The HE module fires 20mm high-velocity grenades. These grenades had programmable fuzes, that could be set for Air Burst mode (grenade explodes at the specified range above the target; range is set via Fire Control module from laser rangefinder), or for Point Detonation (grenade explodes upon impact).
For obvious reasons the KE module could be separated from HE / Fire Control modules and used as a typical assault rifle with iron sights, but without buttstock. The separated HE module is completely useless since it uses KE module trigger to operate.

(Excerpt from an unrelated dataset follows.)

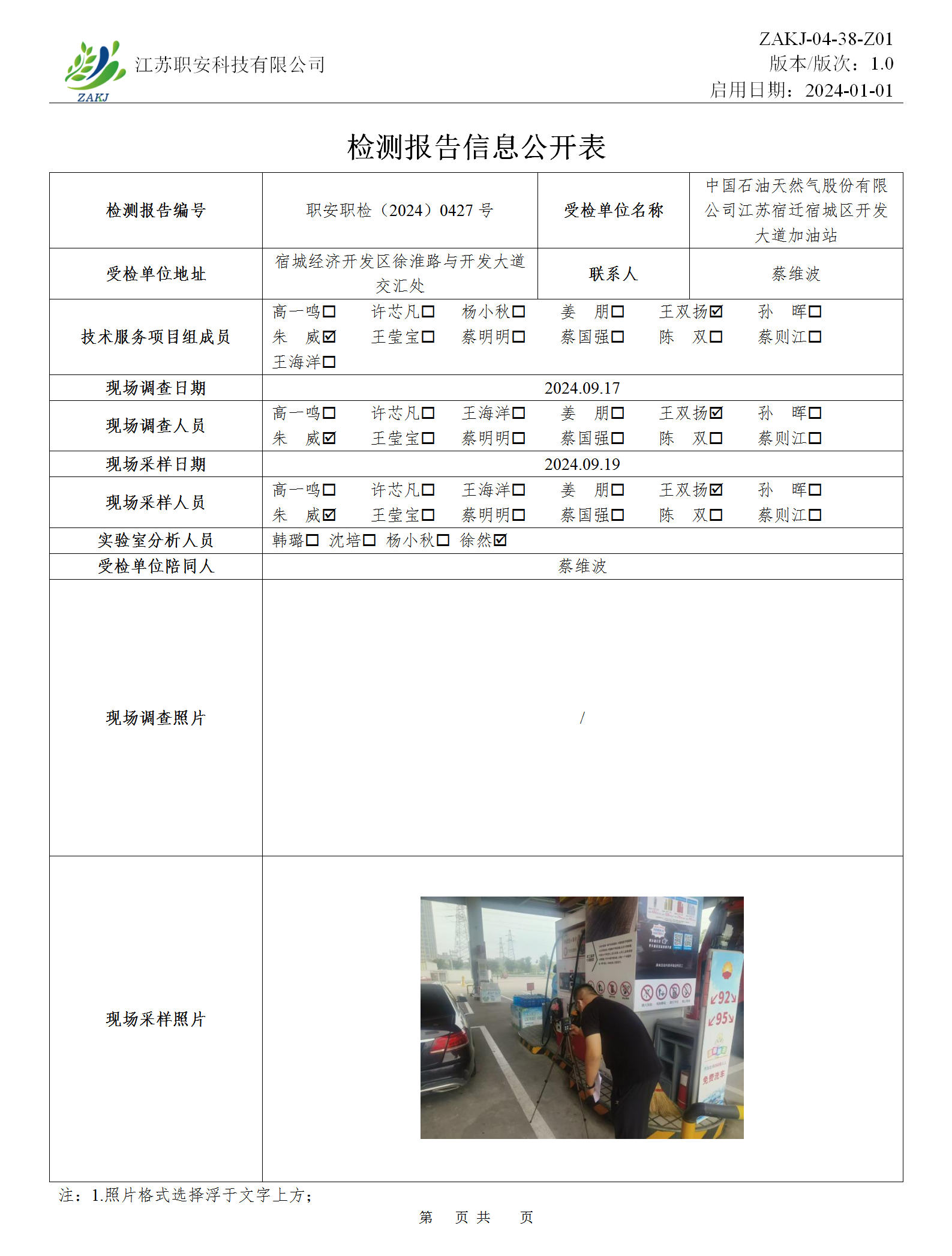 檢測報告公示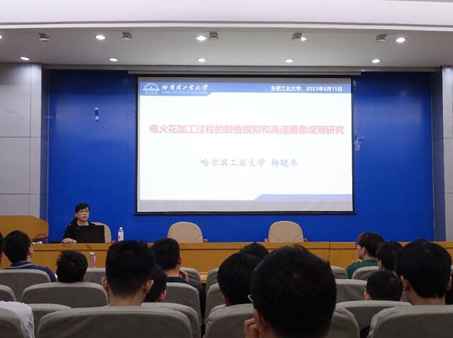 杨晓冬教授以“电火花加工过程的数值模拟和高速摄像观测研究”为题向与会师生作出精彩报告。杨晓冬教授介绍了其研究团队在电火花加工机理方面的研究经历,讲述了放电蚀除过程的分子动力学仿真、放电通道的多物理场耦合仿真、放电凹坑/放电通道的集成仿真和极间放电现象的高速摄像观测等方面的研究进展。参会学生与杨晓冬教授就电火花加工放电通道的可控机制等问题进行了讨论和交流。

Now - some private opinions
The OICW, to be effective, relies upon computerized fire control module. Both KE and HE modules could be fired with iron sights, but this greatly reduces the overall effectivness of the system, so as soon as the batteries goes off, or the computer/optics/laser get any damage, you'd better throw the Fire Control module away... But it costs more than half of the whole system price, and that's some 5000 dollars (probably, much more), so guess what the soldier should do when the Fire Control module fails...
Another point is that 20mm programmable ammunition is no way the cheap round.
Third, the whole system is bulky and cost a small fortune...
Resume: In my opinion, the OICW is a weapon for so called "peace-keeping" operatrions - low intensivity conflicts, when US troops had always good supplies (of batteries and spare parts) and carry the weapons for limited time (forgot about weeks-long raids beyond enemy lines). It also costs too much, and now i'm doubtful about the plans to issue the OICW to every 4 soldiers in every Infantry squad of the US Army, USMC etc (the OICW is intended to replace M16/M203 combos and M249 SAWs, as well as some M16s or M4s).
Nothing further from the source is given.